*ACTION ITEM*. Skip the pictures, please, and write out exactly every line from the one containing "Asian female doctor" through the end of the listing below.

*EXERCISE DATA*.
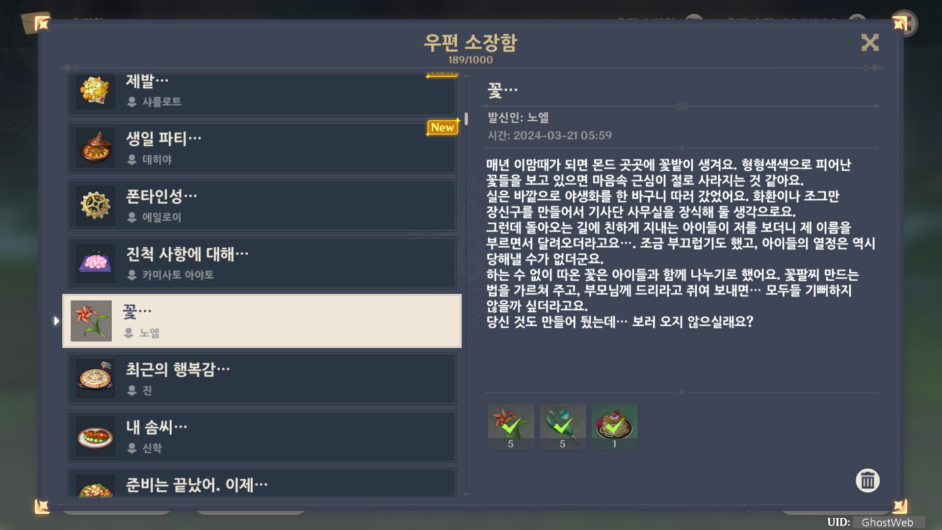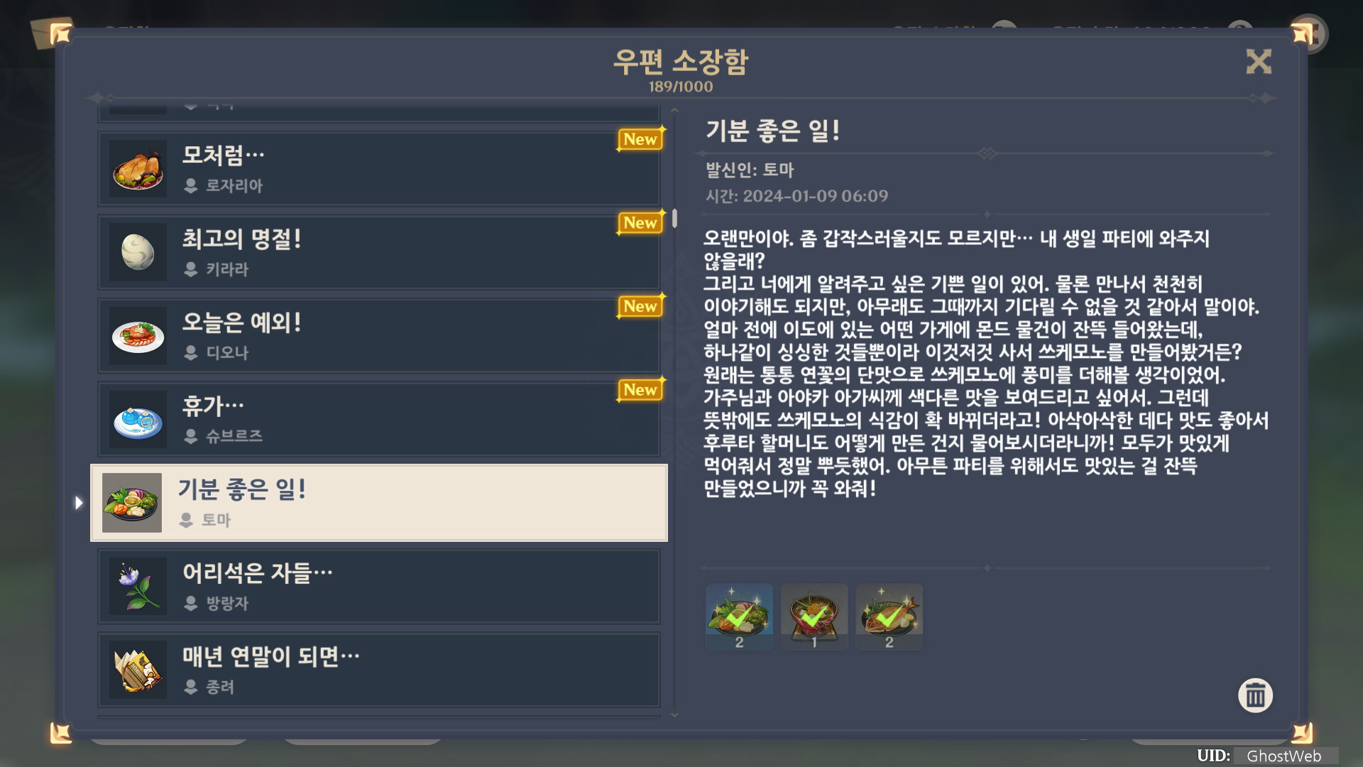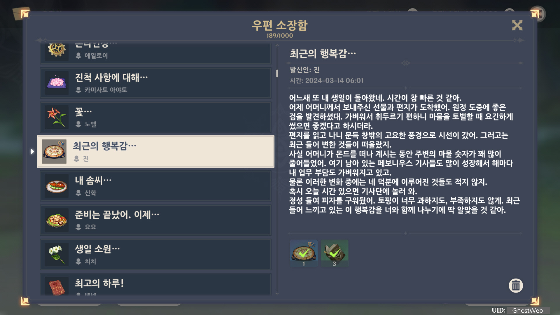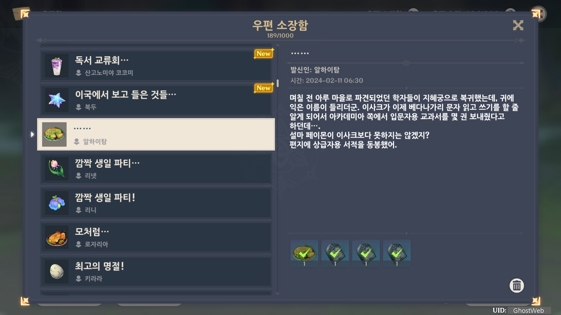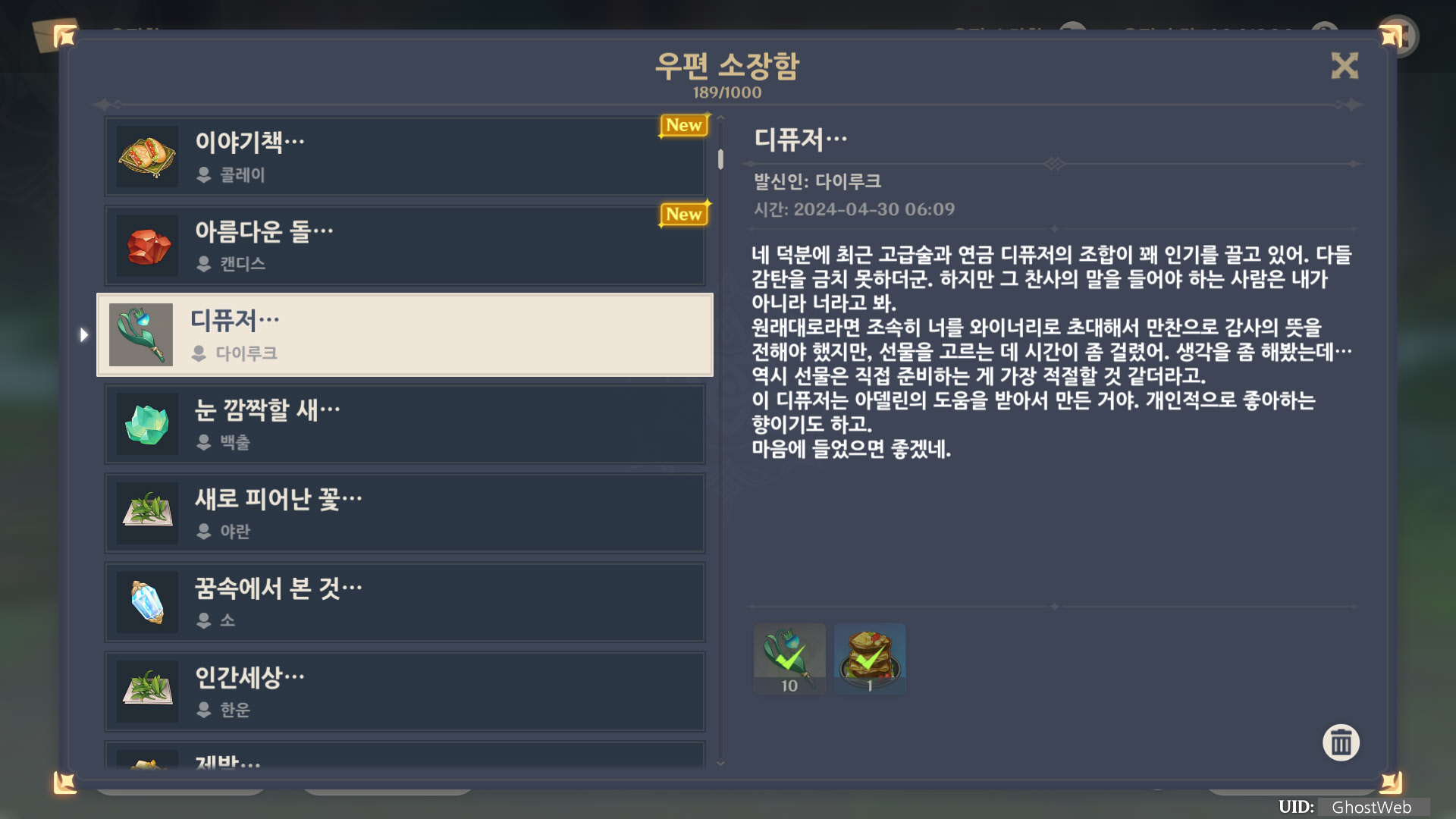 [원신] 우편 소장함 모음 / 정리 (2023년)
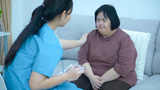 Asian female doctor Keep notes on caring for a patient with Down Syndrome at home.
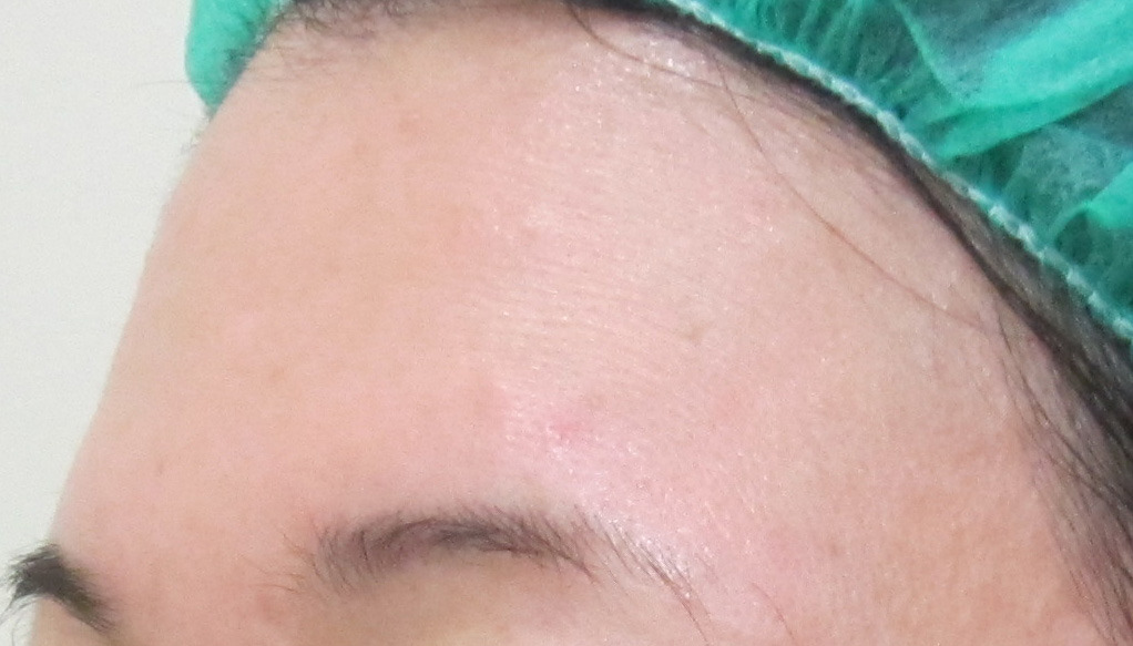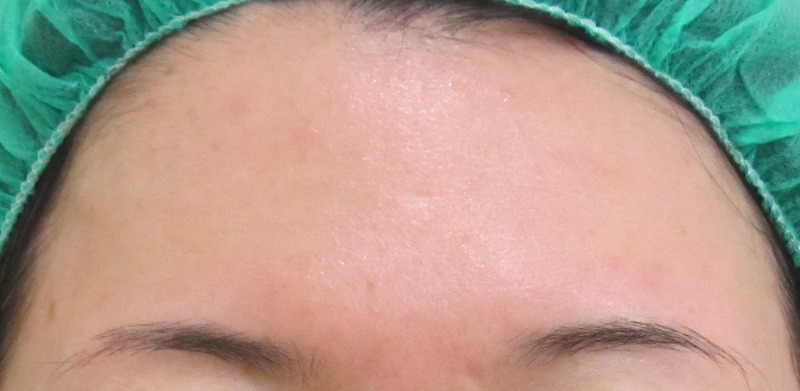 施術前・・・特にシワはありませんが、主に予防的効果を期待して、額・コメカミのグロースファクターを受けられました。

*SOLUTION*.
 Asian female doctor Keep notes on caring for a patient with Down Syndrome at home.
 施術前・・・特にシワはありませんが、主に予防的効果を期待して、額・コメカミのグロースファクターを受けられました。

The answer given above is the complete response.